Many of my loyal readers know a few things about the Balkans. Relax. That probably does not make you bad people.
Here is a gripping analysis of the dreary political paralysis in Bosnia:
In theory, Bosnia’s constitution treats Croats as one of the country’s three constituent peoples, entitling them to representation equivalent to as much as a third of the positions in the country’s public institutions.
In reality Croats may represent only 10 per cent or less of the country’s current residents. Hence, quotas in theory reserved for Croat interests in practice may be expropriated by Bosniaks.
This happens when Bosniaks vote for Croat politicians sympathetic to the Bosniak position. Because there are far more Bosniaks than Croats, Bosniak votes carry the day over those of Croats and the officials occupying quotas reserved for Croats end up representing Bosniak, not Croat, points of view.
The country’s tripartite Presidency is the most glaring example of this outcome. Bosnia’s constitution provides for three presidents: a Bosniak, a Croat and a Serb. Since the country is ethnically partitioned into two entities, the Serb President is to be elected from Republika Srpska and the Bosniak and Croat presidents are to be elected from the Federation entity.
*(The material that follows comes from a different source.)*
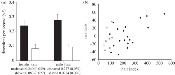 研究者最后统计了实验结果,他们发现,由于体毛的存在使臭虫行动更为困难,因此体毛越多,臭虫寻找叮咬点的时间就越长。这类似于人在大街上行走比在灌木丛中行走要快一样。另外,志愿者也花费了更多的时间来察觉臭虫在已剃体毛胳膊上的存在,这令研究者非常惊讶,而在正常胳膊上,在臭虫寻找到叮咬点之前,志愿者都能察觉到它的存在并驱赶它。同时,男性由于体毛较女性多而更容易察觉臭虫的存在。体毛多代表寄生虫少,就更容易被女性选为伴侣,这就是自然规律。
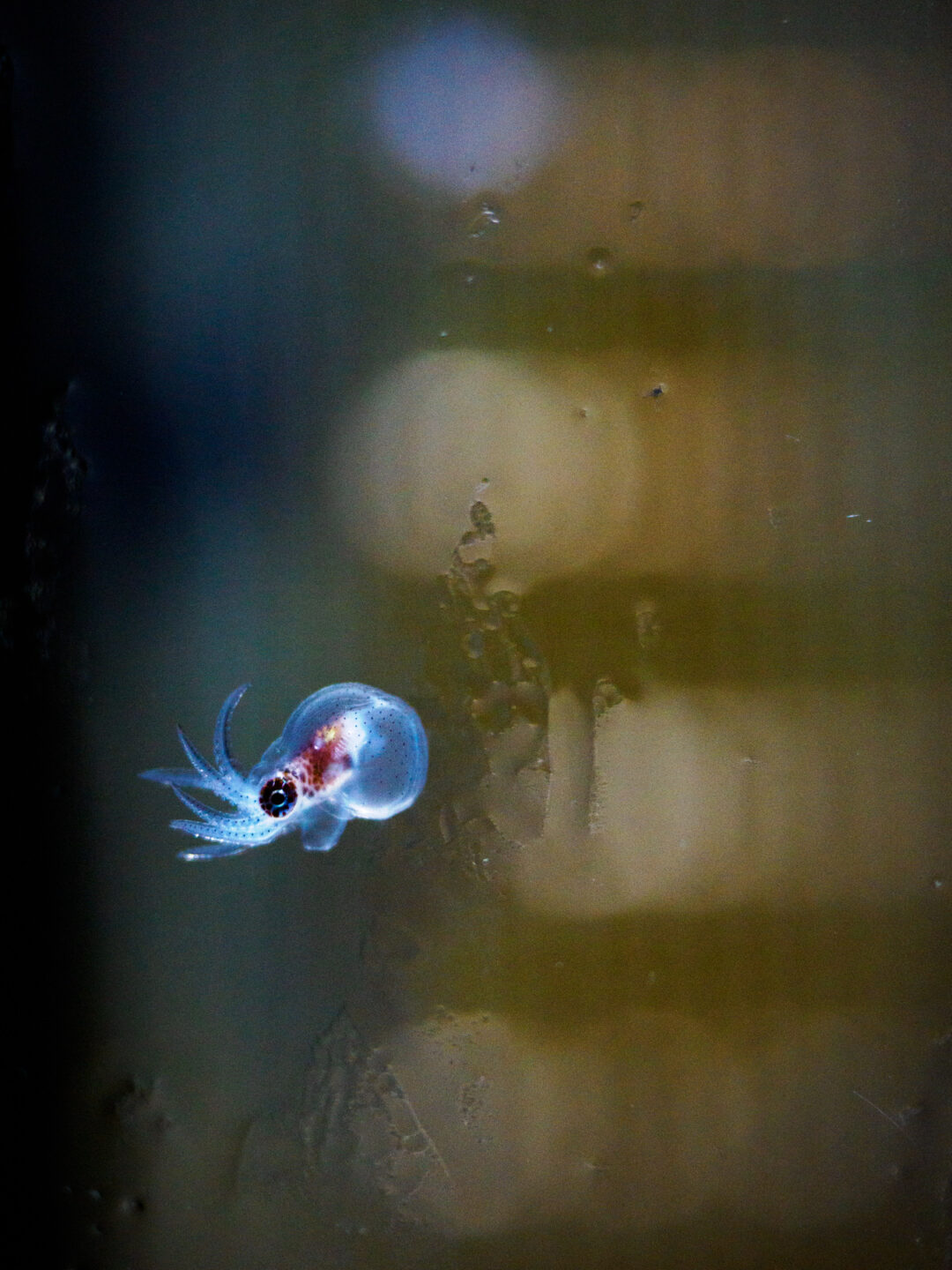 水蛸の赤ちゃんが生まれたそうなので撮影しました。接写対応のレンズだと極小の水蛸にもこのように寄れるし、背景もかなりボケるので絵になります。こちらも動画を撮影したのでご参考に。

But 80 to 85 per cent of the population of the Federation is Bosniak. Thus, if a Bosniak political party fields a Croat candidate sympathetic to Bosniak goals, Bosniak votes may elect two members of the Presidency, Serb votes one and Croat votes none.
Huh? What’s all this about?
Basically:
- the Dayton peace deal in 1995 set up a new BH constitution which unwisely rummaged around in the debris of Yugo-communist supposed constitutionality and factored in the idea of ‘constituent peoples’ (namely Bosniac/Muslims, Serbs, Croats and a rump category of Others) in a country comprising two ‘entities’
- it further set up a joint three-person BH Presidency comprising a Serb elected from the territory of Republika Srpska (one entity), plus a Bosniac and Croat elected from the territory of the Federation (the other entity)
This scheme is trivially discriminatory (ie Croats living in RS or Serbs living in the Federation can not run for President – Others are nowhere). The European Court of Human Rights a mere 15 years later said that these provisions were unacceptable.
Fine. Now what?
The problem (as the logical Afrikaners worked out) is that it is impossible to run apartheid-style classifications for eligibility to office without the supporting legislation defining the classifications and how people fit into them. In other words, unless you have laws defining who is (say) a Croat and who can vote for ‘Croats, anyone can claim to be a Croat and anyone can vote for him/her.
This opens the way to some Bosniacs voting for a ‘moderate’ Croat, thereby pushing out the candidate of the ‘true’ Croats supported by the majority of Bosnian Croats. As Matthew Parish explains above, this happens because the absolute number of Croats in the country is relatively small.
You might say that if the Croats have only something like a tenth of the BH population they should not complain too much about which Croat gets a senior position. You might be right.
But because the whole Dayton deal is lop-sided (the Serbs get ‘their’ entity but the Bosniacs and Croats have to share an ‘entity’), the RS leadership can play upon these illogicalities in the Federation to create a mess. Note that the Bosniacs/Croats can not do similarly muddy the voting waters in RS – their absolute numbers in RS are insufficient to stop a candidate strongly favoured by a large bloc of Serbs prevailing.
All of which points up a vivid drama at the heart of democracy. Which voting system gives a respectably representative and thereby legitimate and sustainable outcome?
Clearly some sort of proportional voting arrangement would have been better, but that cuts through ‘equality’ for all ethnic communities. Had the three ethnic communities not been guaranteed equal shares of the three-person Presidency and other arrangements linking group identities to political power, the Dayton deal would have been far harder to strike.
The other way of doing things was, of course, to have three entities* – one for each community – in some sort of confederative structure. This would have been sensible and principled: each community would get some sort of territorial reassurance in return for accepting the wider structure. See eg Switzerland.
This never got going. The largest group (Bosniacs) were totally opposed to what they saw as further fragmentation, plus the deal to set up the Federation (ie an alliance of Bosniacs and Croats against Serbs) had been a fleeting triumph of US/German foreign policy when the Bosnian conflict was raging.
The above article mentions that D Holbrooke master-minded Dayton and was a great champion of RS politician Dodik. As we all were at the time (1997/98) – he was a huge improvement on Karadzic.
But the stalemate now in Bosnia also can be attributed to the flat refusal of Holbrooke before Dayton to listen to anything which might have qualified US planning, which basically was more about Clinton’s re-election timetable than anything else.
Get some small but vital things wrong and watch how the consequences compound up and up years later. Did I mention the Eurozone?
* PS: by the way, if any Brit proposes a BH constitution that might actually work and be more or less fair, that person has no chance of being put forward by the FCO as a candidate for EU Ambassador in Sarajevo.